Come sono cambiati gli obiettivi dell’alpinismo
Sorge però spontaneo più di qualche dubbio: e la sicurezza? In montagna, soprattutto a quelle quote, la vita dell’uomo cammina su una piccolissima cresta e resta in bilico appesa a un filo che potrebbe non essere sufficiente in caso di distrazioni troppo grandi. Ma perché l’uomo si ostina a rischiare la vita in montagna? Certo, anche in questo caso rimane innegabile la differenza tra alpinismo sportivo, turistico e amatoriale. E l’alpinismo non può essere uno sport regolamentato da rigidi dettami perché l’obiettivo non è facilmente riassumibile in un’azione. Lo scopo del calcio è far in modo che il pallone oltrepassi la linea di porta restando dentro ai pali degli avversari, nel basket si mira a far passare la palla all’interno dell’anello del canestro avversario. Nell’alpinismo non c’è nulla di tutto ciò.

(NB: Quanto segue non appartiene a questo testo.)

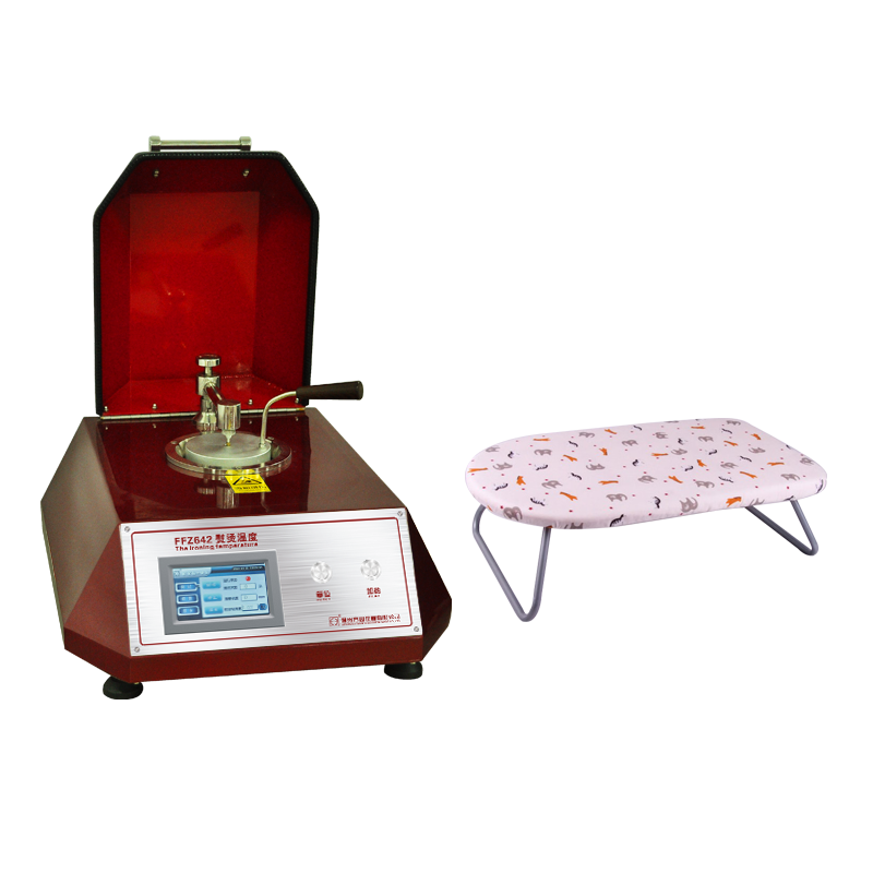 FFZ642熨燙溫度測試儀是考核隔熱手套性能的常用儀器。選用熨燙溫度測試儀對隔熱手套與高溫部件接觸面進行測試,標準BS6526與BS7305規定了一種隔熱手套熨燙溫度的試驗方法。主要適用于家用隔熱手套。測試方法是在標準大氣下,將鋁塊加熱到測試溫度,移到樣品上放置30s,然后評定樣品的顏色變化、光澤、硬挺度或者其它手感和目測變化。對于顏色稍有變化的樣品可平衡調濕24h后再評級。
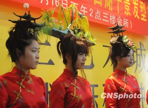 10月16日,杭州上演西湖十景头上秀,十位发模的另类发型吸引了众人的目光。 中新社发 引炜 摄

A pensarci bene, stabilire come obiettivo il raggiungimento della cima della montagna sarebbe riduttivo perché poi occorre anche tornare indietro vivi. Ma non solo. L’esperienza è composta da ciò che sta in mezzo, anzi è forse proprio il percorso ad animarla. Occorre dare un valore al viaggio, alle energie impiegate. Per cosa, poi? La risposta non può che essere soggettiva, però per provare a intravedere un motivo, occorre guardarsi intorno.
La schiena di Maurice Herzog poggia comodamente su una morbida poltrona colorata, i capelli bianchi e i baffetti sottili incorniciano il volto tondo, negli occhi si accende uno sguardo fiero e sulle labbra si disegna un sorriso beffardo. Le poche falangi che restano sulle mani, in memoria delle avventure estreme, stringono un libro con il rivestimento sottile e sgualcito. “Annapurna. L’eroica conquista della montagna più alta mai scalata dall’uomo. Maurice Herzog, capo della spedizione himalayana francese.” Così recita la copertina che lo ritrae cinquantasei anni prima.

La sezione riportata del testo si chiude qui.